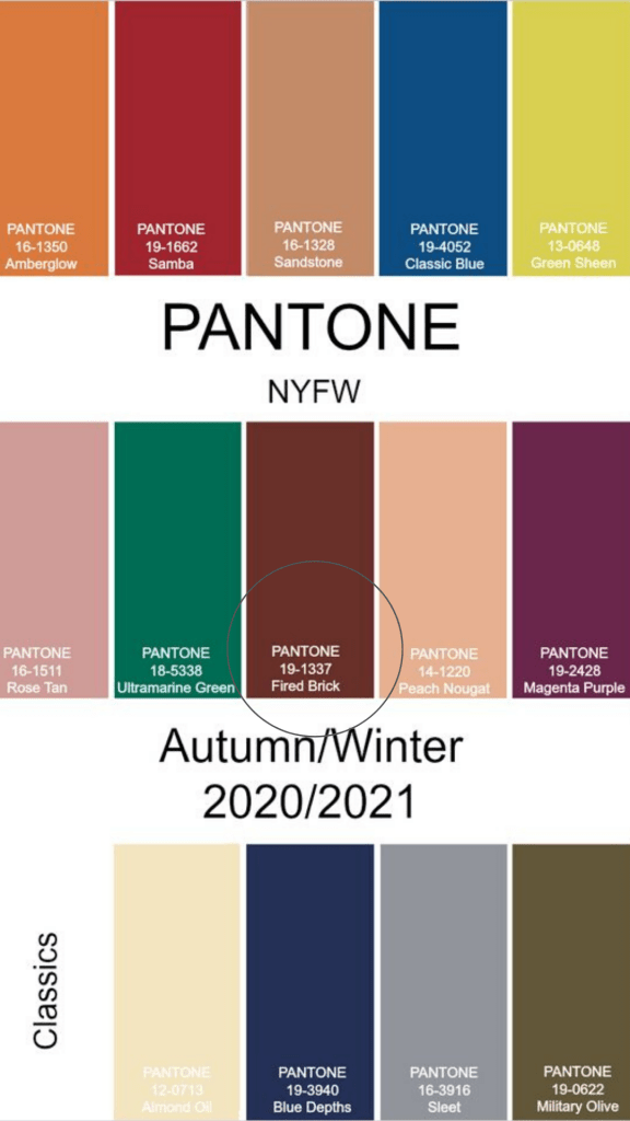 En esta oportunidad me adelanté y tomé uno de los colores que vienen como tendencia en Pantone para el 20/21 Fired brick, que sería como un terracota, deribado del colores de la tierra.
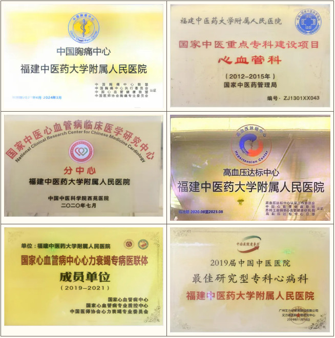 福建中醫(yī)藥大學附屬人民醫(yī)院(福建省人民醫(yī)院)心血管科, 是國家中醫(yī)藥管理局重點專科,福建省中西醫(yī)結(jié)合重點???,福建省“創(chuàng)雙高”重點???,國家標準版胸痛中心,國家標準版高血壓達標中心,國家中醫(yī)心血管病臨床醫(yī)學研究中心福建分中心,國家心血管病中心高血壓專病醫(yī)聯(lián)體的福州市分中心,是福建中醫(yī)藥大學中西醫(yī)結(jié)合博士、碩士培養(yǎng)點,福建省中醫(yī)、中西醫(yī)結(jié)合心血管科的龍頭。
* * *
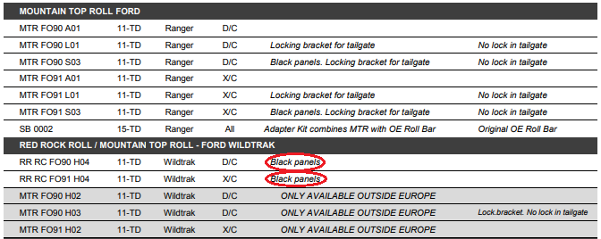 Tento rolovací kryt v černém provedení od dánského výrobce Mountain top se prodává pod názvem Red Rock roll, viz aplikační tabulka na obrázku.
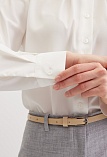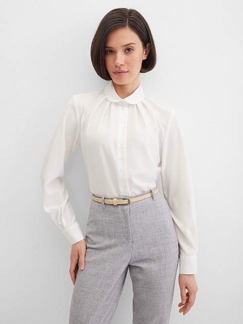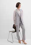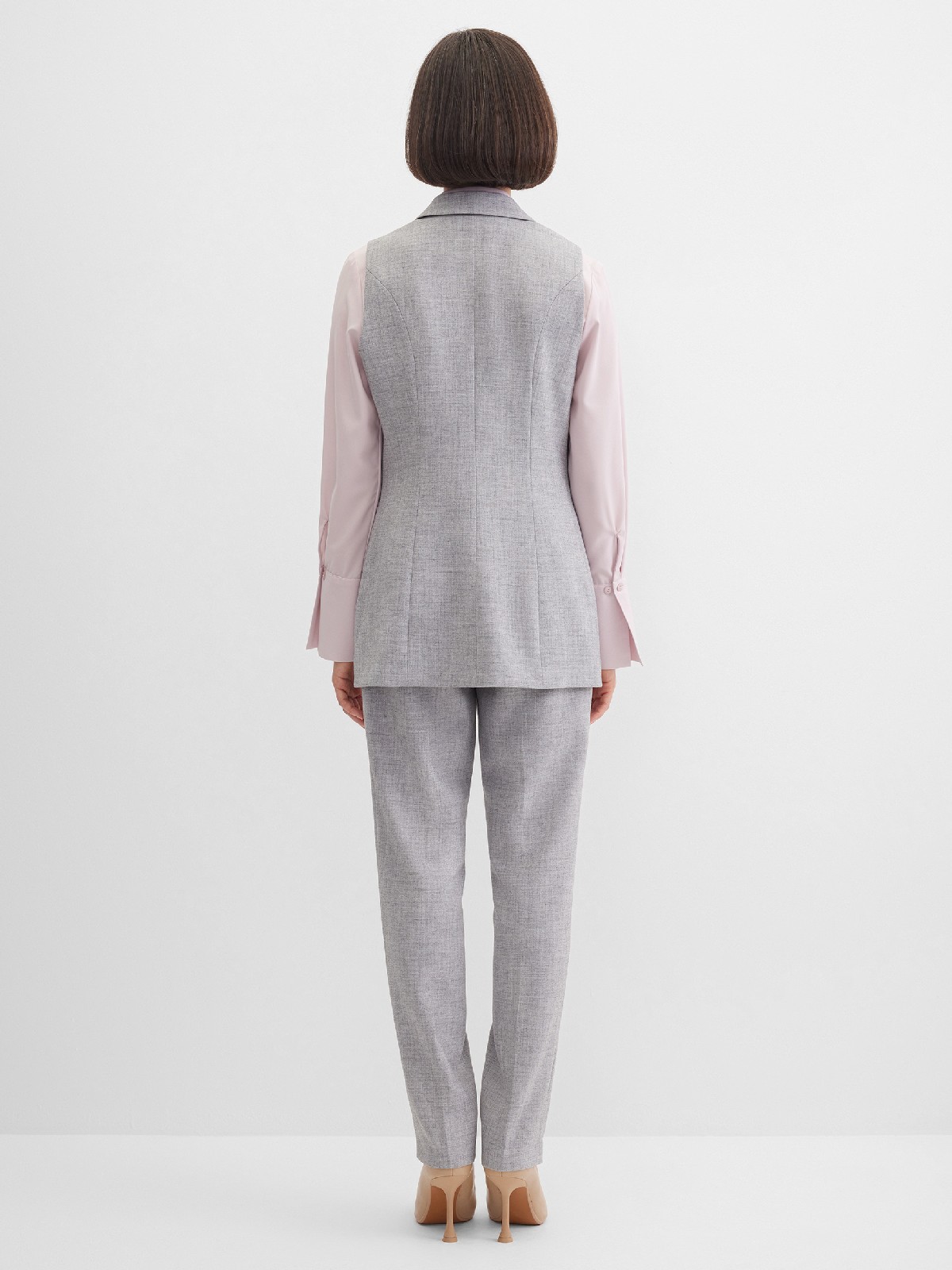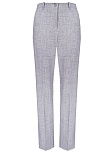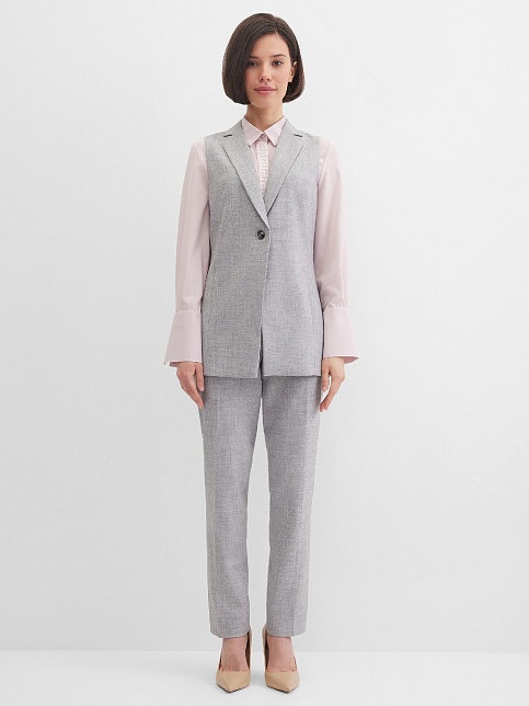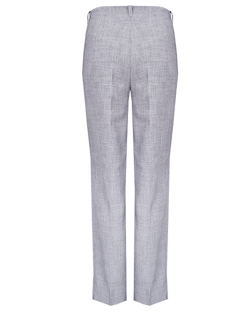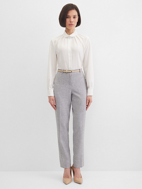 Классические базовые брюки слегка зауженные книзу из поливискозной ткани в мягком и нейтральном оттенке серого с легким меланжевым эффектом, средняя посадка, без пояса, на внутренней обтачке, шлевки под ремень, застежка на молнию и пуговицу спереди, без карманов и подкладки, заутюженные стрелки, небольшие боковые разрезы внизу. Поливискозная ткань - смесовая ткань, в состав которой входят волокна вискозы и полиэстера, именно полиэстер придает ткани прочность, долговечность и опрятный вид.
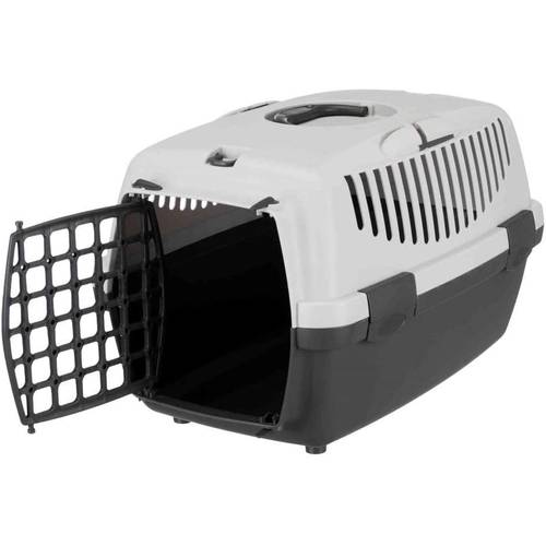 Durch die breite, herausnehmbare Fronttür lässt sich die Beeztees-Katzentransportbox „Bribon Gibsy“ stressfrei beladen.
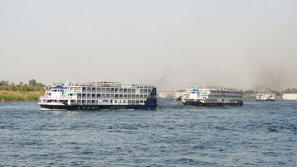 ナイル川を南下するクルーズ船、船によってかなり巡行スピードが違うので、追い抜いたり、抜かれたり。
==
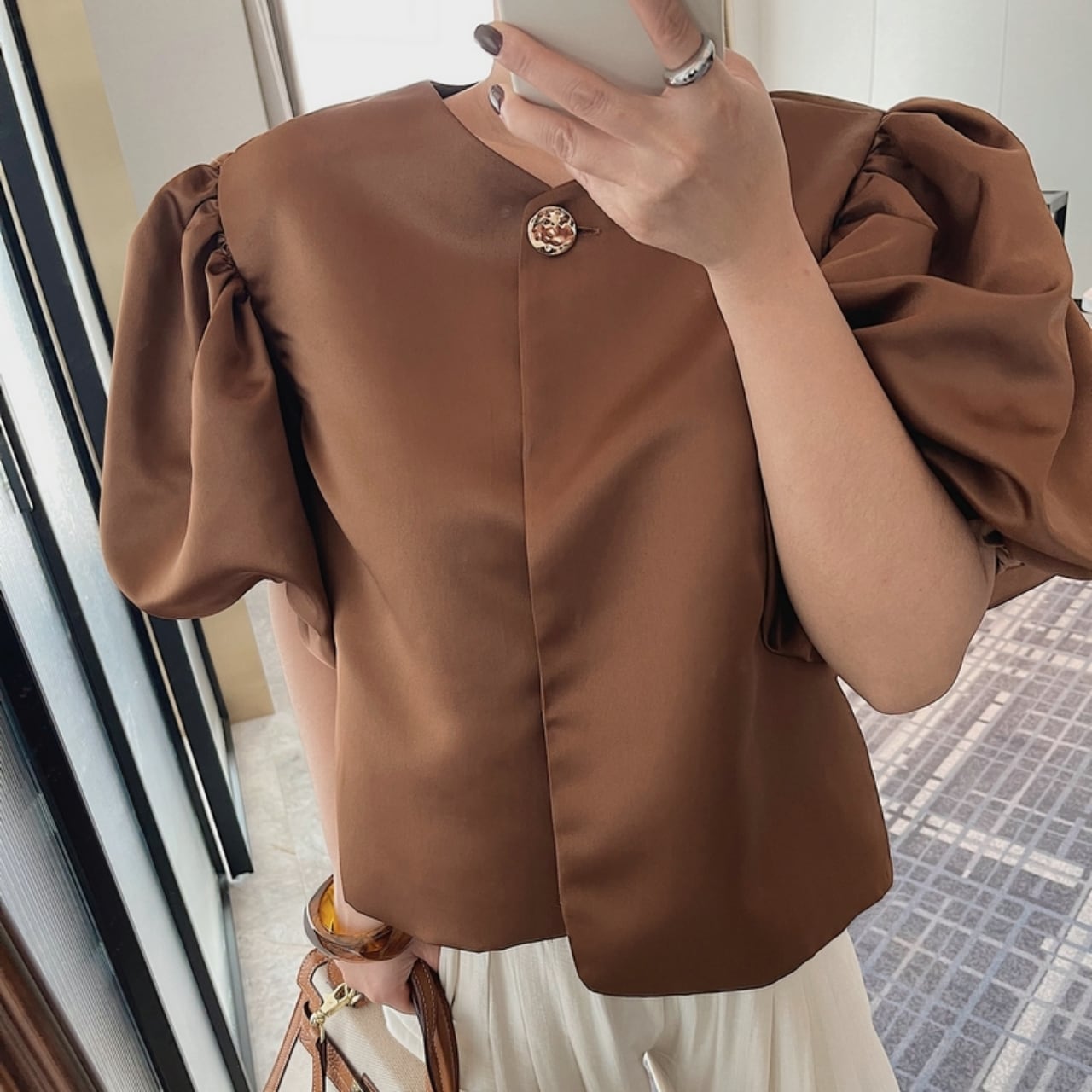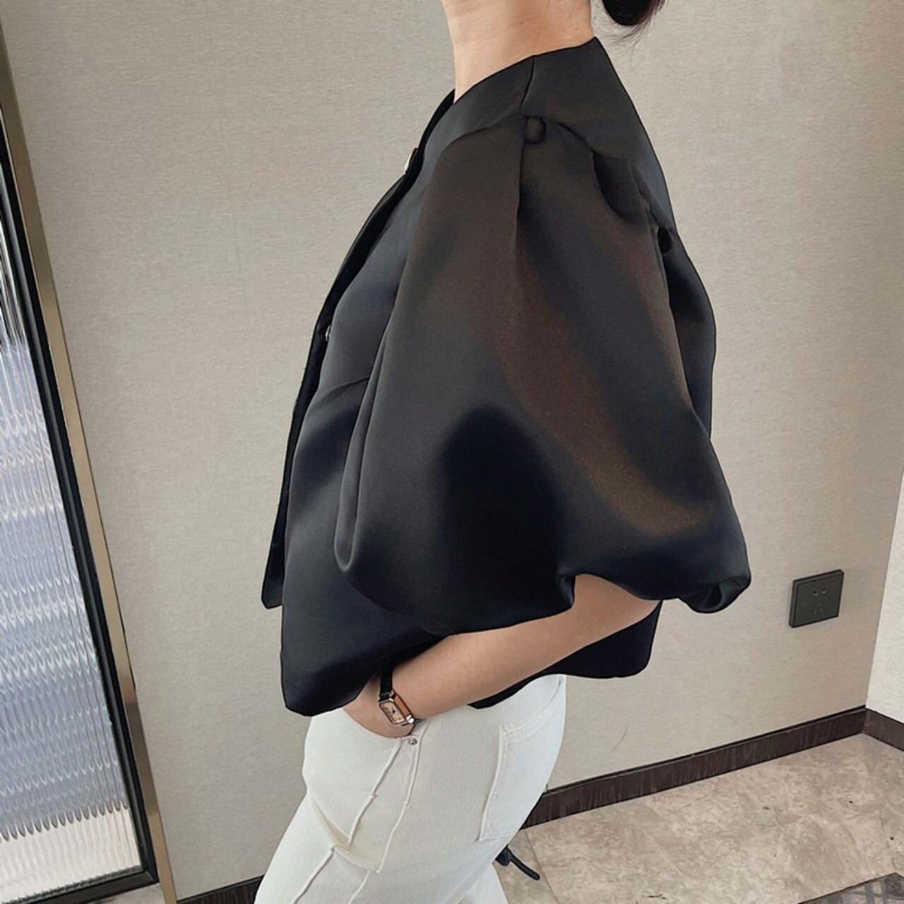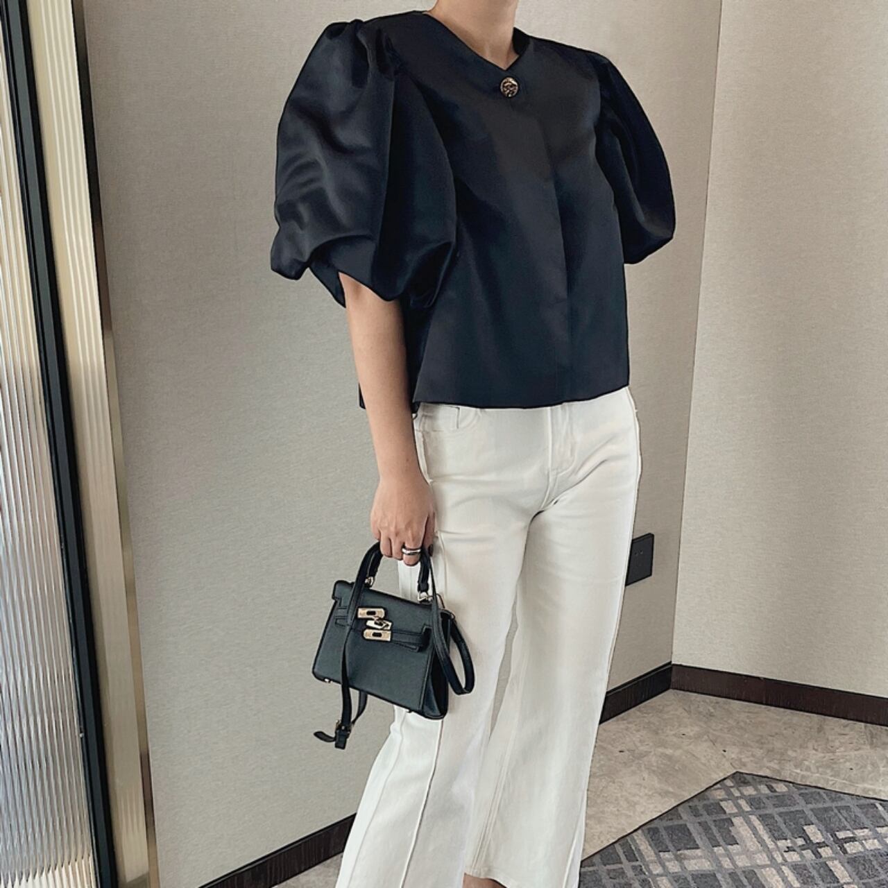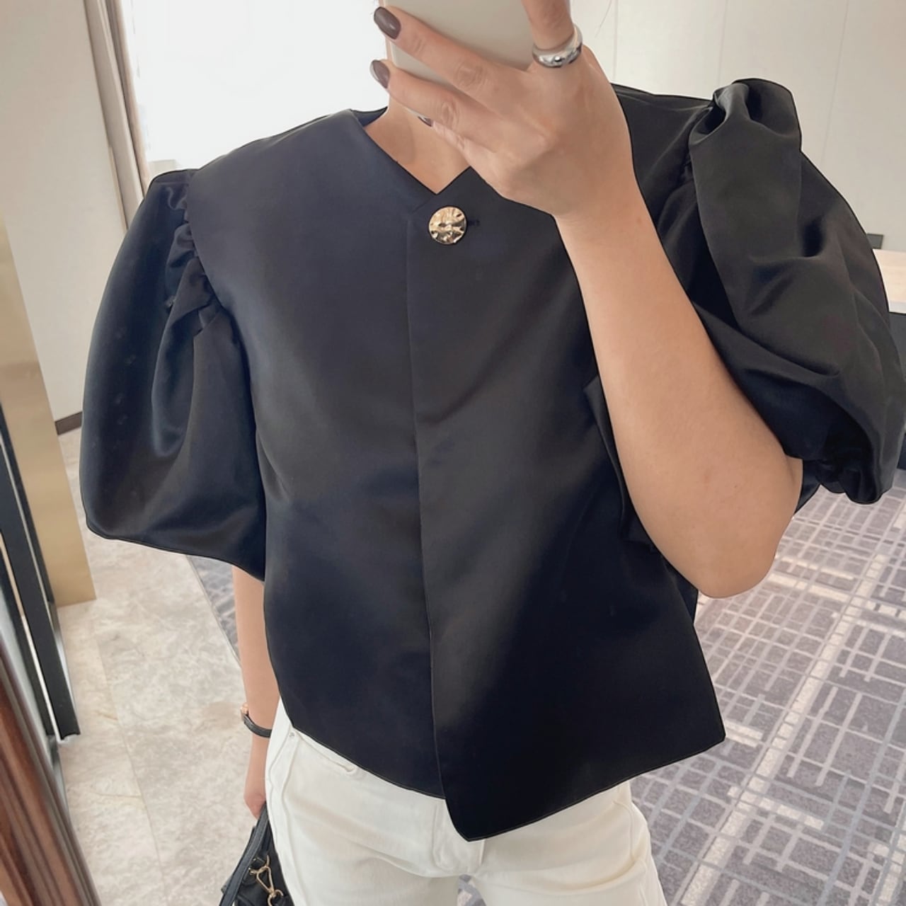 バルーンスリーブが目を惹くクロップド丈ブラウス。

- Exercise description
Leaving out each picture, repeat exactly the lines above from the one that contains "Tento rolovací kryt" through the one that contains "ナイル川を南下するクルーズ船".

- Response area
 Tento rolovací kryt v černém provedení od dánského výrobce Mountain top se prodává pod názvem Red Rock roll, viz aplikační tabulka na obrázku.
 Классические базовые брюки слегка зауженные книзу из поливискозной ткани в мягком и нейтральном оттенке серого с легким меланжевым эффектом, средняя посадка, без пояса, на внутренней обтачке, шлевки под ремень, застежка на молнию и пуговицу спереди, без карманов и подкладки, заутюженные стрелки, небольшие боковые разрезы внизу. Поливискозная ткань - смесовая ткань, в состав которой входят волокна вискозы и полиэстера, именно полиэстер придает ткани прочность, долговечность и опрятный вид.
 Durch die breite, herausnehmbare Fronttür lässt sich die Beeztees-Katzentransportbox „Bribon Gibsy“ stressfrei beladen.
 ナイル川を南下するクルーズ船、船によってかなり巡行スピードが違うので、追い抜いたり、抜かれたり。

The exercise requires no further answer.